I like to cook. Probably too much. I can easily waste a whole night doing nothing but drinking wine planning some elaborate meal, then cooking it for like 3 hours and being totally engrossed in the process. If I wasn’t a musician, I would try to be a chef. Yep. I’m that kind of freak.

And funny thing is…I think I’d blend right in. Because I would chain smoke and drink and smartass everyone under the table…pretty much like I do now.

Ever since Anthony Bourdain’s show came out, I’ve been obsessed with it. Nevermind that he’s an affirmed vegetarian-hater and half of the episodes I can’t watch because first they f*ck a goat senseless before gutting it mercilessly to make a nice tasty stew out of it.

But I have come to terms with this. In most parts of the world, eating meat is not a moral consideration, it’s a privilege that people don’t take for granted. I get that. So momentarily, while Anthony blatantly goes to town with meat porn galore, I put my own Western food morality aside and I gobble up whatever I can of his show that is so blatantly an orgy of all things culinary. Food pornaholics thank you, Anthony.

And then there’s Gordon Ramsay. I LOVE that guy. I love that he’s brutally honest. I love that he makes people work for it. I love that he doesn’t take crap from any ridiculous newbie a-hole with a massive overdeveloped ego stuck on top of underdeveloped skills. And I watch all of his shows like a total effin’ addict. I have to see every one. In fact, if I haven’t seen one, I will watch all the others in the series all over again just to make up for it.

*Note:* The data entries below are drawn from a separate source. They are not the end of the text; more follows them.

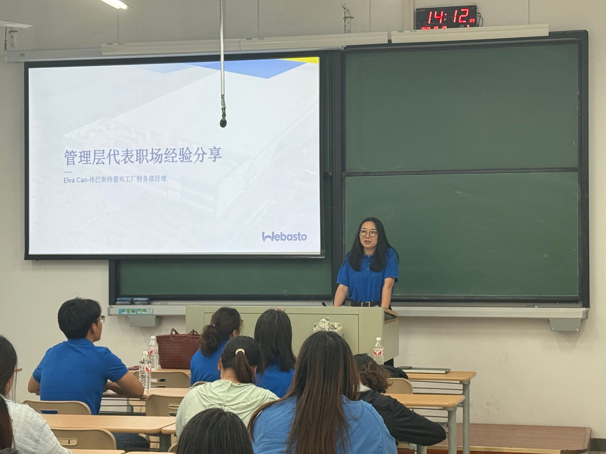 伟巴斯特(嘉兴)工厂人事部经理Vicky Yu首先介绍了公司的基本情况。财务部经理Elva Cao、质量部工程师Henry Sun作为校友代表分别分享了初入职场的感悟与经验,强调了主动学习、遵守流程和持续改进的重要性。人事部高级专员Sunny He讲解了简历制作的核心要点和面试技巧,通过案例帮助学生掌握STAR法则等实用工具,提升求职竞争力。活动现场还设置了提问环节和简历一对一诊断,学生们积极参与互动,收获颇丰。
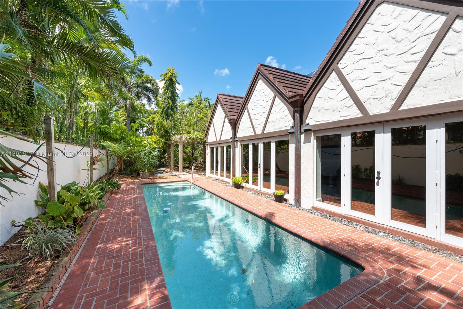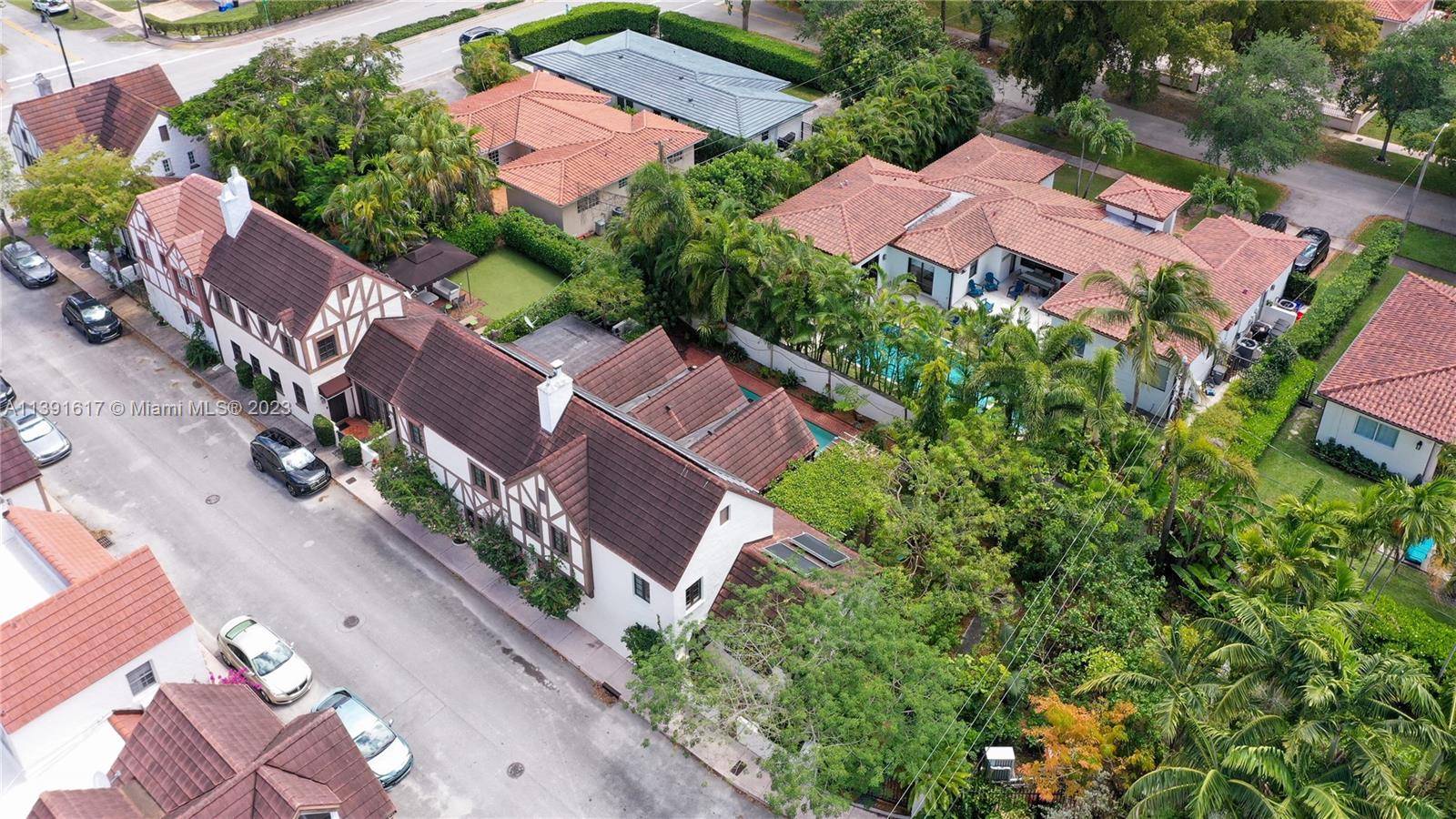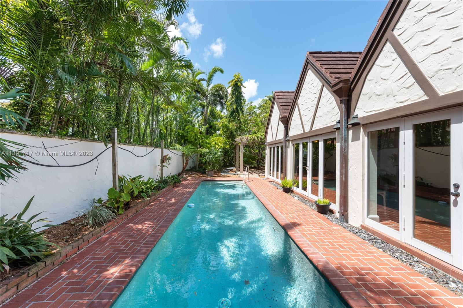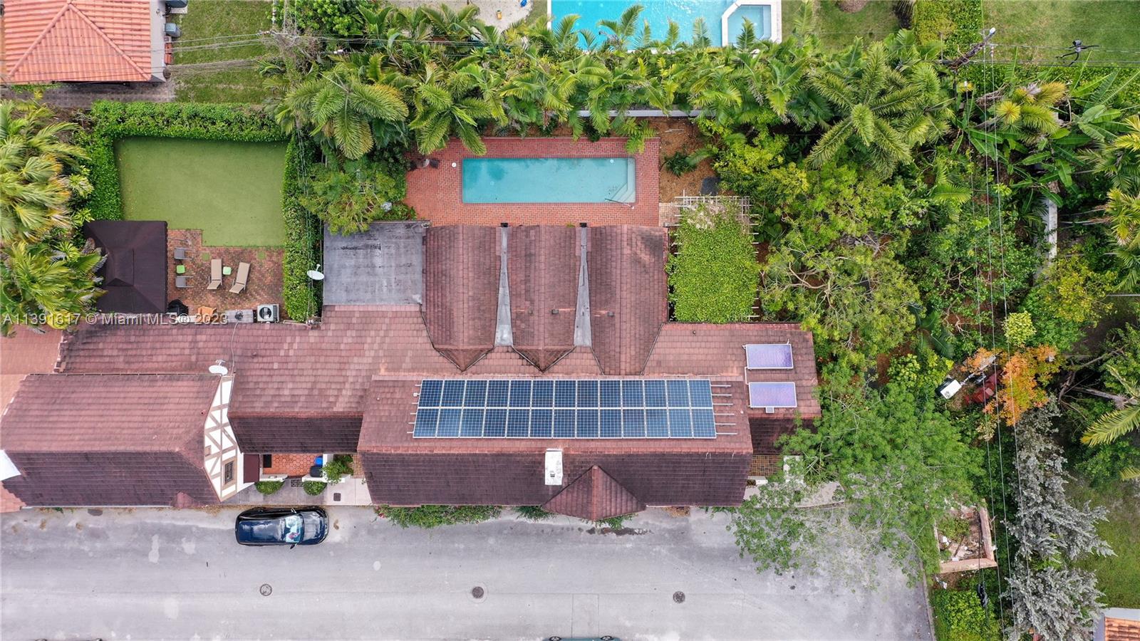 New Listing! Once-in-a-blue-moon opportunity to make one of George Merrick’s original historic villages your home. Nestled within the French Normandy Village, this unique home boasts the only swimming pool and has the largest sq. ft. and land within the neighborhood. Additionally, the house is designed to be environmentally efficient with 28 solar panels and high-end recycled materials throughout. This one-of-a-kind property has over 3,500 adj. sq. ft. High-ceiling living room. Dining room, 2 fireplaces, eat-in kitchen, huge family room with French doors opening to brick patio and pool. 2 master suites - one up and one down, additional bdrm up, library, sitting room, nursery or office, laundry room & 3.5 baths. Lushly landscaped, walled garden. The home can also be enlarged to 5 bedrooms.
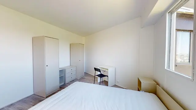 La chambre 1 se compose d'un lit double, d'une table de chevet, d'une commode de rangement, de deux armoires de rangement et d'un bureau accompagné de sa chaise.
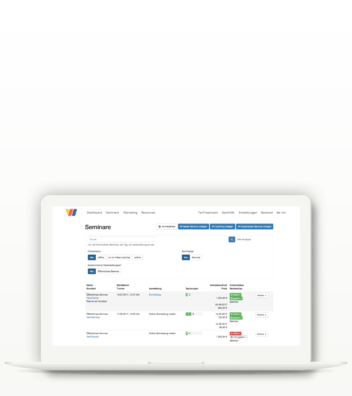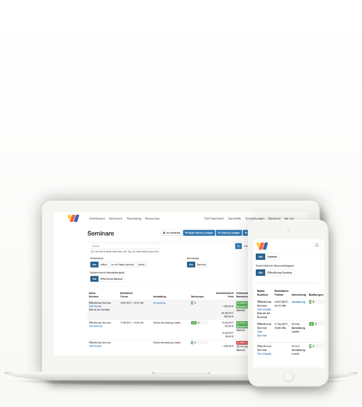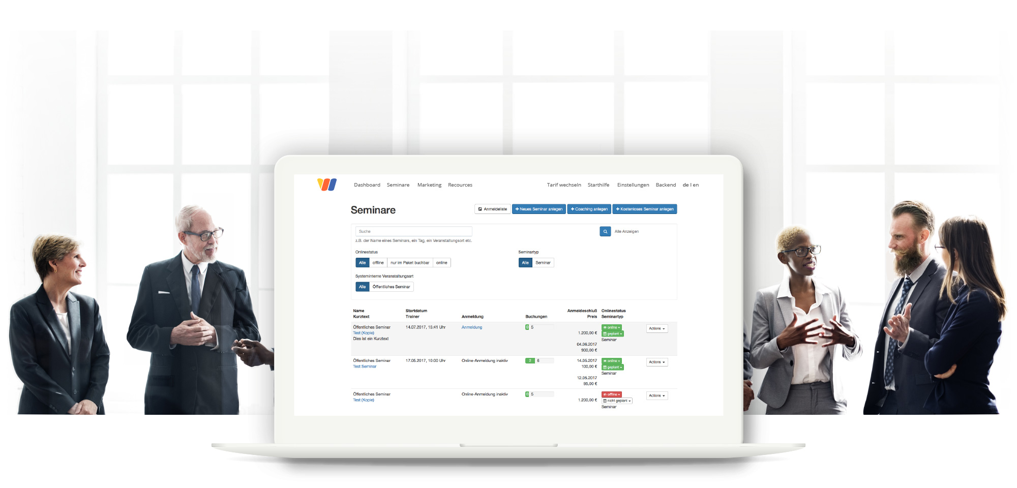 Wundercoach bietet geniale Funktionen, die Ihnen Ihre Arbeit erleichtern. Von der einfachen Einbindung in Ihre Website bis hin zu Abrechnung, Trainermanagement und Raumplanung.
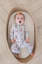 With fold-over wrist and ankle cuffs for added comfort and a double zipper for effortless diaper changes, our zippies are a game-changer for busy parents. The tagless design guarantees irritation-free wear, making them ideal for all-day lounging and play.
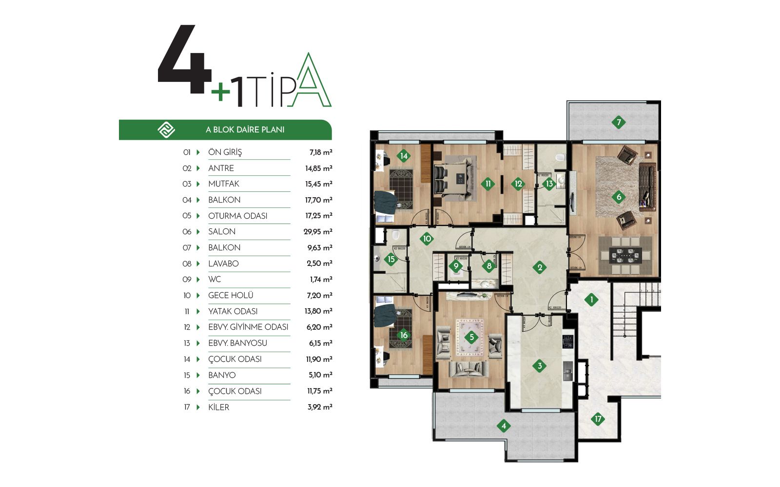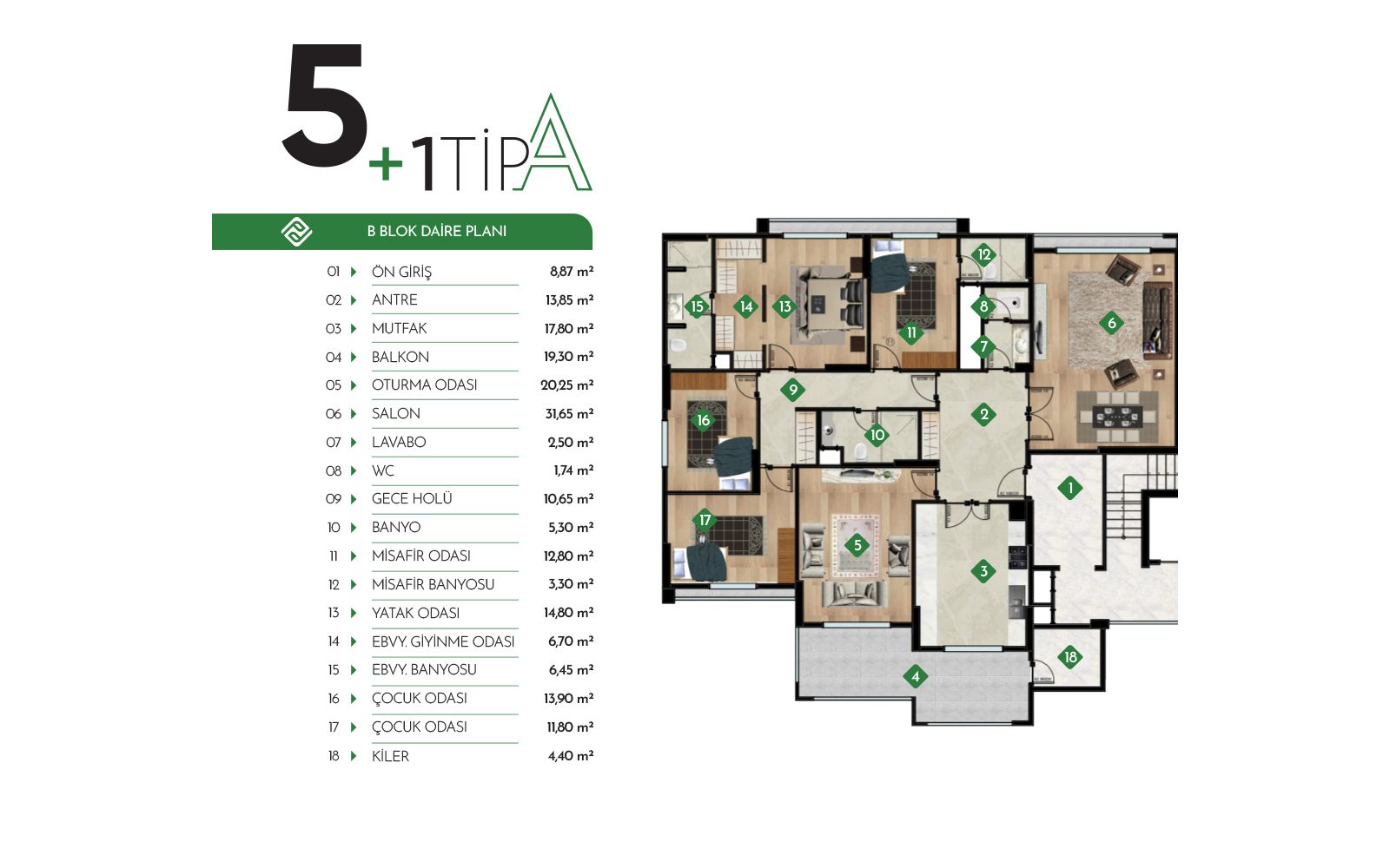 8500 m² arsa, 6500 m² yeşil alan, kamelyalar, çocuk parkları, spor alanları ve güvenlikli site girişiyle keyifli bir yaşam alanı sunuyor. Proje; 40 adet 4+1 ve 10 adet 5+1 daireden oluşuyor.
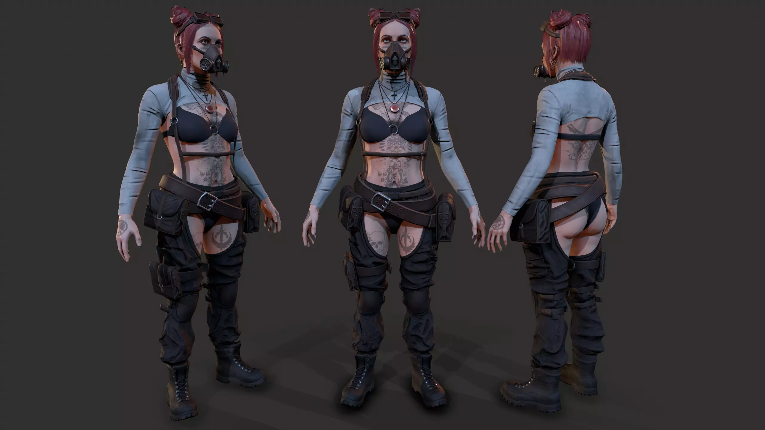 Wasteland girl 3d model, pbr textures, game-ready and low poly
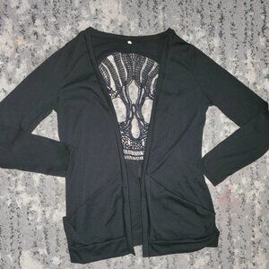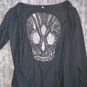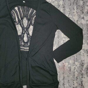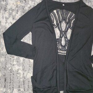 WLLW Women's Long Sleeve Open Front Back Cut Out Skull Cardigan Size S
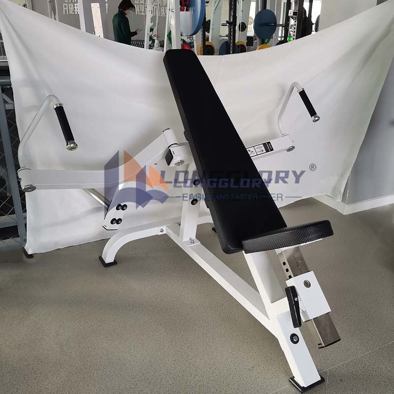 1. तुमच्या स्वतःच्या उंचीवर आधारित सीटची उंची समायोजित करा जेणेकरून हँडल खांद्याच्या उंचीसह संरेखित होतील. योग्य वजन निवडा (सामान्यत: आपण 12 पुनरावृत्तीसाठी हाताळू शकता असे वजन).
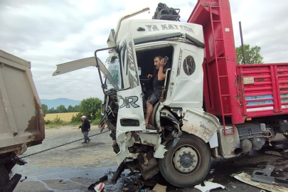Bolu'da TEM Otoyolu'nda tır ile kamyonun çarpışması sonucu meydana gelen kazada, kamyon sürücü kabinde sıkışarak yaralandı.
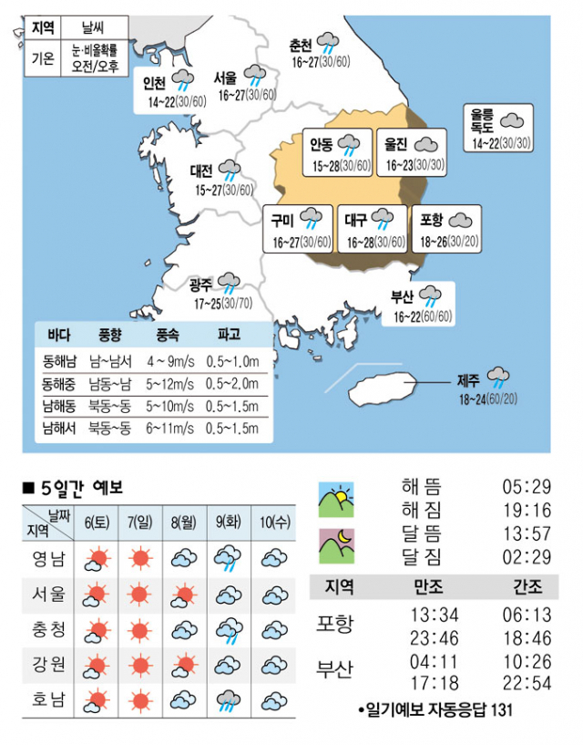 날씨-5월 5일(금) "곳에 따라 한때 비"
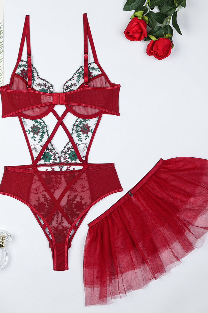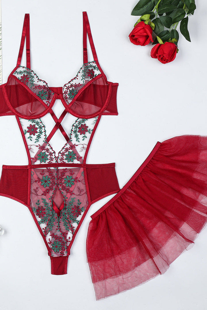 Wine Floral Lace Mesh Bodysuit Mesh Tutu Skirt 2Pc Sexy Lingerie Set
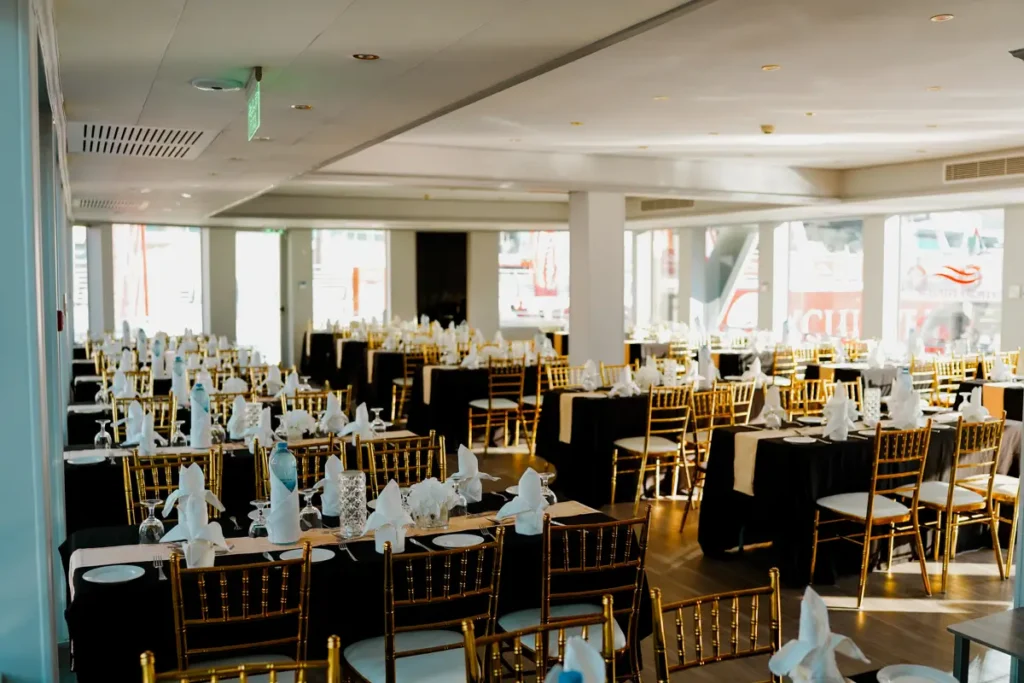 All corporate charters include a dedicated events coordinator from our team who will liaise with you on all logistics, catering, AV requirements, and any specific branding or setup needs. View our corporate packages.

The other night, while watching Hell’s Kitchen, I figured out why. “That is just like being a musician…” I found myself saying out loud at one point, when somebody was bitching about everything, and six team members wanted to scratch each others’ eyes out and everyone was operating on about 9 seconds of sleep and had to haul 9000 pounds of ice out of a flippin truck without a dolly.

“Only better…” said I.

Yes. Better. That’s what I said. Out loud. To myself. And everyone (all six fur children and one other human adult) else.

To a musician, Hell’s Kitchen is a walk in the park. A day by the pool. A vacation on the Riviera even. It’s an easy lilting Sinatra tune in a room full of 80 year olds buying you cosmos and dropping cool 100’s into your tip jar.

Cuz there ain’t no day in music land that isn’t filled with all the same shite: endless amounts of people who can’t be pleased no matter what you do, sleepless nights, catfighting team members who can never see eye to eye, a relentless manager who is going to hang over every little thing you do and critique it not WHEN YOU FINISH THE NIGHT – but every second that your are still working, endless crap to memorize, prep work that you barely get paid for, more gripes than compliments, and the monumentally demeaning experience that every schmoe who’s ever held a fork (or a guitar) gets to tell you how the hell to do your job.

So…why is Hell’s Kitchen better? At the end of the show, someone wins $250,000. And the chance to run their own restaurant. Or more importantly…they win respect.


Something musicians never really seem to see anymore. No matter how hard they slog.

So next time you watch Hell’s Kitchen, just remember…in the words of rock icon, Pat Benatar…”Hell is for children…”

And musicians.

Originally posted 2011-08-26 06:39:20.